═══ Records shown
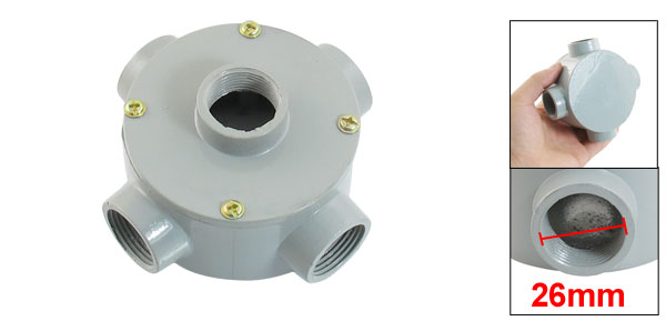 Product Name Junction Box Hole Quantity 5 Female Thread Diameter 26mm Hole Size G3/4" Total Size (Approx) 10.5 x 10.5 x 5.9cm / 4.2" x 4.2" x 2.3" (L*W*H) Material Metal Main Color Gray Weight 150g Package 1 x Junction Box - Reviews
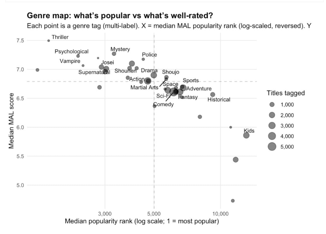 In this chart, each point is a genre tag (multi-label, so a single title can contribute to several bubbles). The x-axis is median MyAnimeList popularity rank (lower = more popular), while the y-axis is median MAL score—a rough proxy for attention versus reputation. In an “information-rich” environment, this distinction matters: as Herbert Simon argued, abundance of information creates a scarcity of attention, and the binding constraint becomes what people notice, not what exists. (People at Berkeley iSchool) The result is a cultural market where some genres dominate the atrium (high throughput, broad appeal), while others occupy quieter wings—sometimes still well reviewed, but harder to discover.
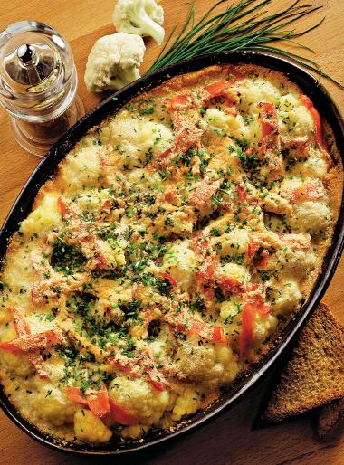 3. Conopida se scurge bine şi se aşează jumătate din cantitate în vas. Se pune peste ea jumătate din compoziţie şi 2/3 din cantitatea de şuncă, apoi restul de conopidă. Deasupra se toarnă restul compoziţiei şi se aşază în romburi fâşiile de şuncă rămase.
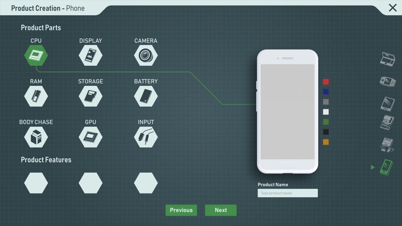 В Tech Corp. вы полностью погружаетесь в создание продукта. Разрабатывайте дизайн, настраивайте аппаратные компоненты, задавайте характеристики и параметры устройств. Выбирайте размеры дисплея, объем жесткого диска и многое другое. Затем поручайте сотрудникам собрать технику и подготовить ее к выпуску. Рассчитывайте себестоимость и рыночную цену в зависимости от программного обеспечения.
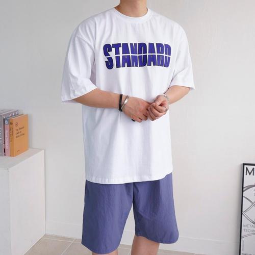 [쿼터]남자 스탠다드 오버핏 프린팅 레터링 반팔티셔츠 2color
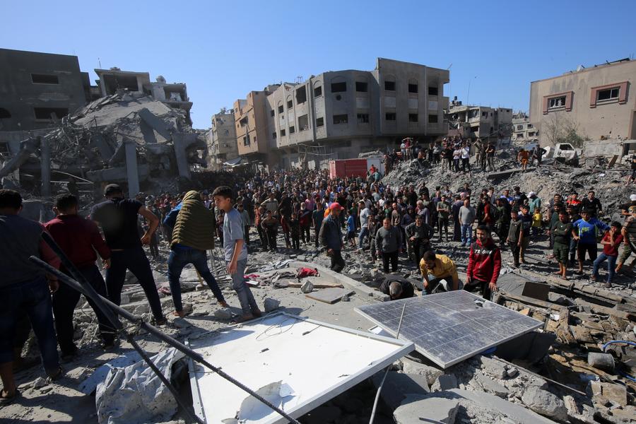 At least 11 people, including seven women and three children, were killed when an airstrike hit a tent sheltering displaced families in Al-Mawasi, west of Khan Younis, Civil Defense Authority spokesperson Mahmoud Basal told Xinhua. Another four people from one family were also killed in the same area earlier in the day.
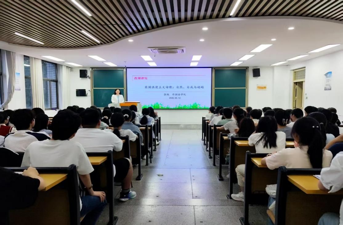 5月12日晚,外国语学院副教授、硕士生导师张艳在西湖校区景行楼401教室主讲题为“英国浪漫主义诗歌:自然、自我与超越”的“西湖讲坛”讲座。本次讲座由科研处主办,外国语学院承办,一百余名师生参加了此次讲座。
══════
- [What you need to do]: Please give the records above again exactly as they stand, with no pictures.

- [Reply]:
 Product Name Junction Box Hole Quantity 5 Female Thread Diameter 26mm Hole Size G3/4" Total Size (Approx) 10.5 x 10.5 x 5.9cm / 4.2" x 4.2" x 2.3" (L*W*H) Material Metal Main Color Gray Weight 150g Package 1 x Junction Box - Reviews
 In this chart, each point is a genre tag (multi-label, so a single title can contribute to several bubbles). The x-axis is median MyAnimeList popularity rank (lower = more popular), while the y-axis is median MAL score—a rough proxy for attention versus reputation. In an “information-rich” environment, this distinction matters: as Herbert Simon argued, abundance of information creates a scarcity of attention, and the binding constraint becomes what people notice, not what exists. (People at Berkeley iSchool) The result is a cultural market where some genres dominate the atrium (high throughput, broad appeal), while others occupy quieter wings—sometimes still well reviewed, but harder to discover.
 3. Conopida se scurge bine şi se aşează jumătate din cantitate în vas. Se pune peste ea jumătate din compoziţie şi 2/3 din cantitatea de şuncă, apoi restul de conopidă. Deasupra se toarnă restul compoziţiei şi se aşază în romburi fâşiile de şuncă rămase.
 В Tech Corp. вы полностью погружаетесь в создание продукта. Разрабатывайте дизайн, настраивайте аппаратные компоненты, задавайте характеристики и параметры устройств. Выбирайте размеры дисплея, объем жесткого диска и многое другое. Затем поручайте сотрудникам собрать технику и подготовить ее к выпуску. Рассчитывайте себестоимость и рыночную цену в зависимости от программного обеспечения.
 [쿼터]남자 스탠다드 오버핏 프린팅 레터링 반팔티셔츠 2color
 At least 11 people, including seven women and three children, were killed when an airstrike hit a tent sheltering displaced families in Al-Mawasi, west of Khan Younis, Civil Defense Authority spokesperson Mahmoud Basal told Xinhua. Another four people from one family were also killed in the same area earlier in the day.
 5月12日晚,外国语学院副教授、硕士生导师张艳在西湖校区景行楼401教室主讲题为“英国浪漫主义诗歌:自然、自我与超越”的“西湖讲坛”讲座。本次讲座由科研处主办,外国语学院承办,一百余名师生参加了此次讲座。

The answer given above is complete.